TÜRKİYE-AB GÜMRÜK BİRLİĞİ’NİN MODERNİZASYONU VE YEŞİL
MUTABAKATIN ETKİLERİ (12 Mayıs 2022)
 
Marmara Avrupa Haftası Etkinlikleri’nin ikinci gününde, “Türkiye-AB Gümrük Birliği’nin
Modernizasyonu ve Yeşil Mutabakat’ın Etkileri” başlıklı panel İKV iş birliğinde, M.Ü STK Uygulama ve Araştırma Merkezi ile Yeşil Akademi Platformu'nun katkıları ile Levent, TOBB Plaza’da gerçekleştirildi. Moderatörlüğünü İKV Genel Sekreter Yardımcısı M. Gökhan Kilit’in üstlendiği ve iki ana oturumdan oluşan panel, İKV Başkanı Ayhan Zeytinoğlu'nun açılış  konuşması ile başladı.
2.gün_ekran.jpeg (95 KB)
 
Konuşmasında Rusya Krizi ve AB’nin dışa bağımlılığına değinen sayın Zeytinoğlu, bu çerçevede Türkiye ile AB arasındaki Gümrük Birliği’nin önemine vurgu yaptı. Yeşil Mutabakat’ın AB ekonomisi
açısından önemli bir dönüşümü simgelediğini belirten Zeytinoğlu, bu gelişmenin tüketim ve üretim kalıplarında bir dizi değişimi beraberinde getireceğini ve Türkiye’nin bu değişime sağlaması gereken uyumun önemini ifade etti.
2.gün_hocalar_.jpeg (223 KB)
 
Panelin ilk oturumunda, Gümrük Birliği’nin güncellenmesi ve Yeşil Mutabakat’ın iş dünyası üzerindeki etkileri üzerinde duruldu. Programın bu bölümünde sözü ilk olarak Sarkuysan A.Ş. Genel Müdürü sayın Sevgür Arslanpay aldı. Arslanpay, meselenin sahadaki yansımaları üzerinde durdu ve özellikle Yeşil Mutabakatın iş dünyasında henüz yeterince bilinmediğini belirtti.
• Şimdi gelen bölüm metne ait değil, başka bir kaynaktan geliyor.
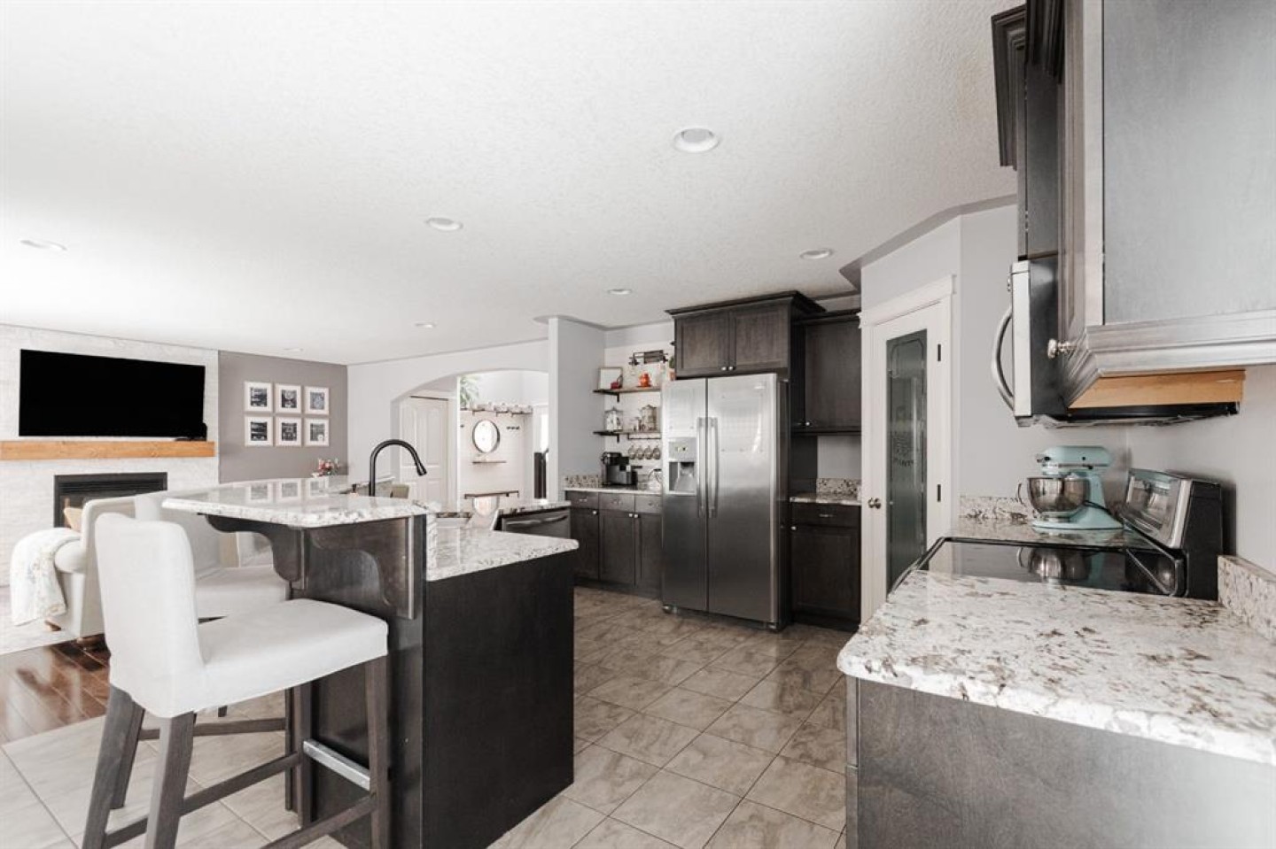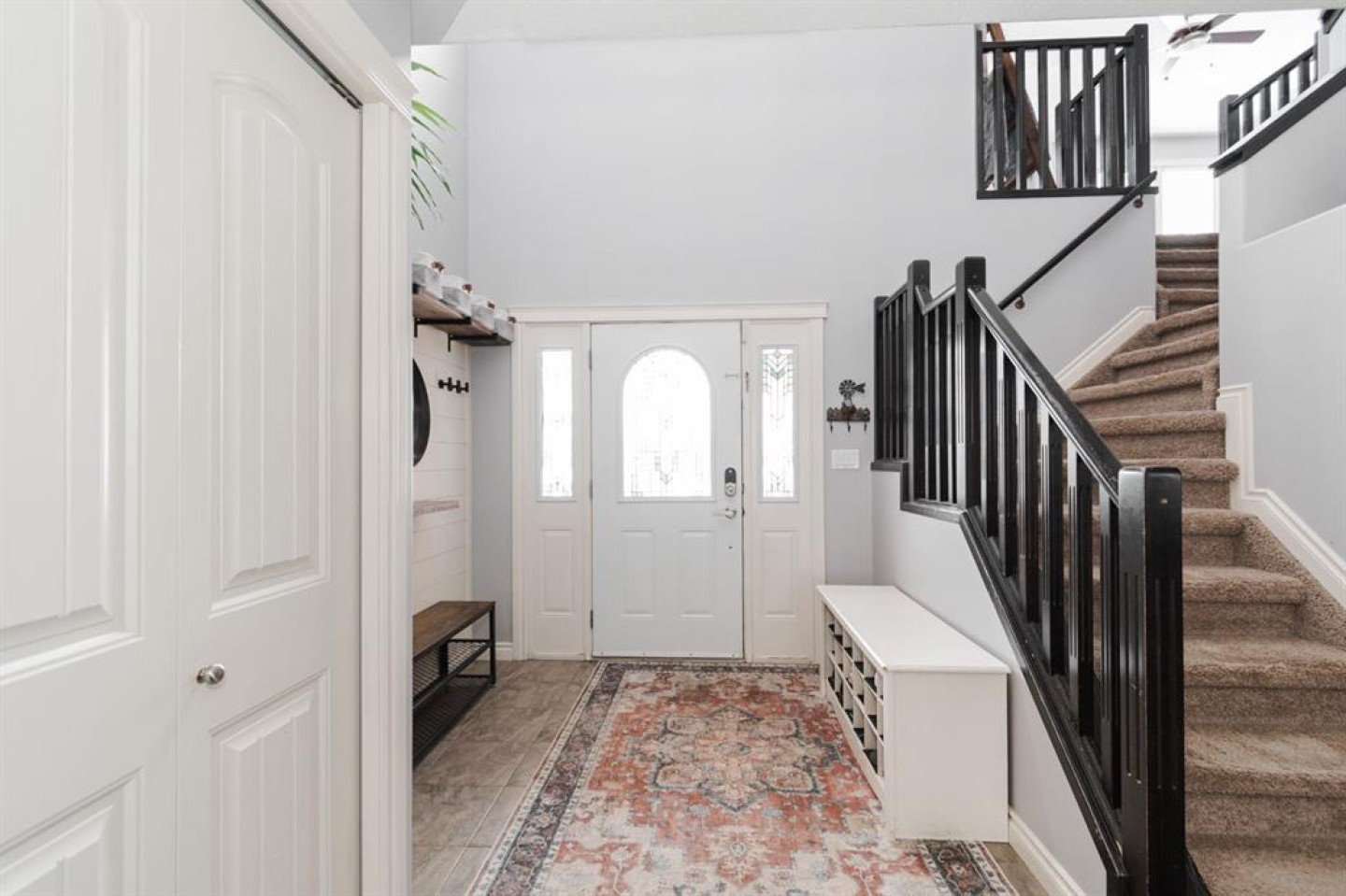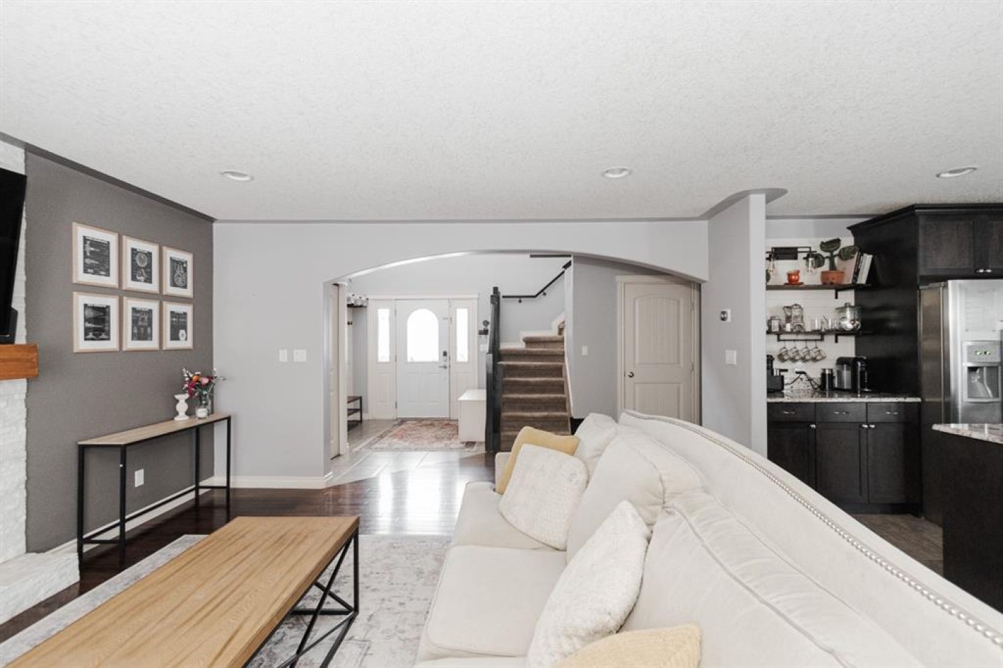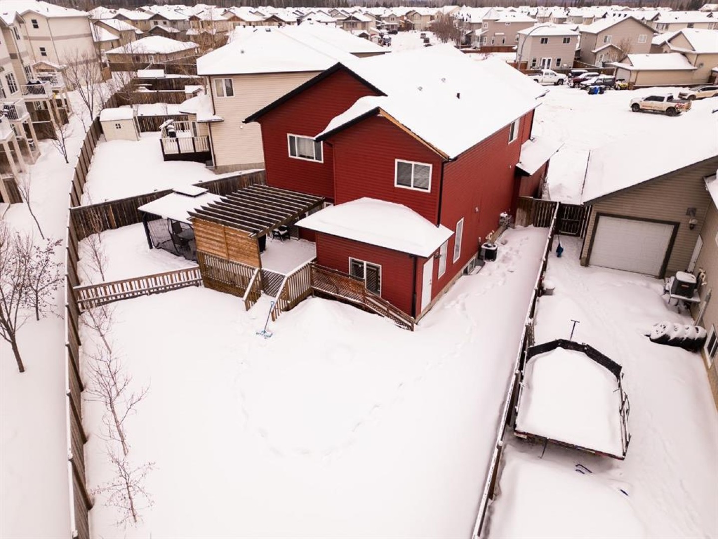 Welcome to 131 Chokecherry Place, a spacious and welcoming Timberlea home set on a generous 6,202 square foot pie lot with a backyard designed for connection, privacy, and everyday enjoyment. With farmhouse inspired modern updates throughout, this home offers a comfortable blend of character, function, and space in a layout that works beautifully for growing families. From the moment you arrive, the long driveway with parking for three vehicles and additional RV parking sets the tone for practicality. Stepping inside, the tiled entry welcomes you with a striking shiplap feature wall, built in shelving, crown mouldings, and a wagon wheel chandelier added in 2020 that immediately gives the home its charming farmhouse feel. The main living area features hardwood floors and a cozy gas fireplace framed by stone veneer and a wood beam feature also completed in 2020 when many updates were done. This space flows seamlessly into the kitchen and dining area, creating an inviting open concept environment for both daily living and entertaining. The kitchen is finished with granite countertops, an eat up island, black sprayer faucet, pantry storage, and a charming shiplap coffee bar with built in shelving. Wainscotting and an updated dining chandelier with Edison bulbs add to the character and warmth of the large space great for entertaining or nights in. The main floor also includes a convenient two piece bathroom with an updated light fixture and wood framed mirror. The laundry area is thoughtfully located off the garage mudroom and includes upper cabinets and a drying rod, making it both functional and efficient. Upstairs, you will find a large bonus room with a feature wall, perfect for movie nights or a second family space. The primary bedroom is spacious and includes a walk in closet and a five piece ensuite with dual sinks and a jetted tub. The bed frame and mounted nightstands in the primary bedroom are all included. The upper level is completed with updated finishes that tie the space together nicely, hosting two additional bedrooms and a four piece bathroom. The basement offers a flexible layout suited for a home gym, recreation space, or guest use. A four piece bathroom is included, along with cork flooring that provides warmth and moisture resistance for your home gym or entertaining space. A Murphy bed is included, along with multiple televisions that can stay, and built in speakers with a Sonos system, receiver included. This space also has a separate entrance into the backyard for easy indoor outdoor access. Outside, the large pie shaped backyard offers a mix of open space and privacy. With added privacy walls on the deck, planted trees, and the natural pie lot shape help create a peaceful setting. The gazebo stays, along with a gas line for the barbecue, a fire pit area, a two tiered deck, and a dedicated dog run. This yard has clearly been enjoyed and designed for making memories. Additional features include central air conditioning and an updated humidifier.

Bu durumun yarattığı olumsuzlukların görmezden gelinmemesi gerektiğini ifade eden Arslanpay,
buna karşılık farkındalık boyutuna bir an önce odaklanılması gerektiğinin altını çizdi. Konuşmasının devamında Arslanpay, “sürdürülebilirlik pirimi” kavramına vurgu yaptı.
 
2. gün salon.JPG (18.20 MB)
 
Çevre ve yönetim maliyetini içeren kavramın önümüzdeki yıllarda daha da gelişeceğini ifade eden Arslanpay, ileride Türkiye sanayisinin de bu maliyetleri üstlenmesi gerekeceğini ifadelerine ekledi. Daha sonra Gümrük Birliği’nin mevcut durumu dolayısıyla yaşadıkları yatırım sıkıntılarına değinen Arslanpay, bu durumun Türk yatırımcıları AB ülkelerinde yatırım yapmaya yönlendirdiğini belirtirken, bu yatırımların da zorlukları olduğuna dikkat çekti. Özellikle pandemi dönemiyle birlikte AB’nin kendi içinde korumacı bir politikaya geçtiğini söyleyen Arslanpay, Türkiye’nin bu dinamizme nasıl ayak uydurabileceğini değerlendirmesi
gerekir diyerek konuşmasını tamamladı.
2.gün salon_1.JPG (26.55 MB)
 
Panelin ilk oturumunda, sözü alan ikinci konuşmacı ise Hidropar Hareket Kontrol Teknolojileri Merkezi Yönetim Kurulu Başkanı sayın Tunç Atıl oldu. Atıl öncelikle Türkiye’nin ilk LEED Sertifikalı (Yeşil Bina Sertifikası) fabrika binasına sahip olan kurumlarıyla ilgili bir bilgilendirme konuşması yaptı ve sertifikayı edinme süreçlerini aktardı. Atıl konuşmasının devamında, kendi deneyimlerinden hareketle sürdürülebilir, çevreci ve verimli fabrikaların yapımının maliyetlerini açıkladı ve böylesi bir sürecin yapım aşamasında karşılaşılan zorluklara karşılık üreticiye orta ve uzun vadede enerji tasarrufu konusunda önemli faydalar sağladığını ifade etti. Avrupa Yeşil Mutabakatı’na hazır bir fabrika planına sahip olduklarını ifade eden Atıl, “biz yapabildiysek, herkes yapabilir” diyerek tüm yatırımcıları çevre konusunda duyarlı olmaya çağırarak konuşmasını noktaladı.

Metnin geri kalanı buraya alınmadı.